Date of Award

12-2003

Embargo Period

11-11-2018

Degree Type

Thesis

Degree Name

Bachelor of Arts/Bachelor of Teaching (Honours) BA/BTch (Hons)

Faculty

Education

First Advisor

Dr Daniel Reynaud

ANZSRC / FoR Code

199999 Studies in the Creative Arts and Writing not elsewhere classified, 220499 Religion and Religious Studies not elsewhere classified

Abstract

Uncle Arthur's Bedtime Stories stands as the principal and archetypal Seventh-day Adventist children's literature text. It is heavily inscribed with distinct ideologies, which are specifically referential to Seventh-day Adventist dogma and faith. As children read these texts they are exposed to and affected by these ideologies. This thesis seeks to expose the overt and covert ideologies of the text so that their power can be negated and their value evaluated. This is accomplished through a brief investigation of the author and the publishing institution that conceived the text, then through an explanation of the development and aims of critical literacy reading processes. These reading processes are then applied to the text in order to render the explicit the belief structures that sustain the stories' proposed 'truths' and 'meanings', and which were constructed into the text by the author and institution.

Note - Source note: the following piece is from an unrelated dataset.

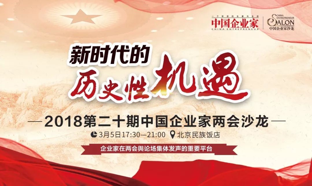 3月5日晚,由《中国企业家》杂志社主办的“2018第二十期中国企业家两会沙龙”将在北京举行,董明珠、刘永好、沈南鹏、李东生、周鸿祎、沈国军、阎志、黄立、袁亚非等二十余位企业家代表委员将畅谈“新时代的历史性机遇”。

This investigation has revealed that Uncle Arthur's Bedtime Stories assumes levels of authority over truth, interpretation and the reader, which it does not intrinsically command. The recognition of this assumption of authority allows the text to propose and defend questionable 'truths' and spurious arguments, and also to justify unethical behavior. The thesis shows that critical literacy argues that both the author and the institution are complicit in the generation and transmission of these messages.

The thesis also presents and explains a body of evidence it has discovered that points to the negative effects of Uncle Arthur's Bedtime Stories on some readers.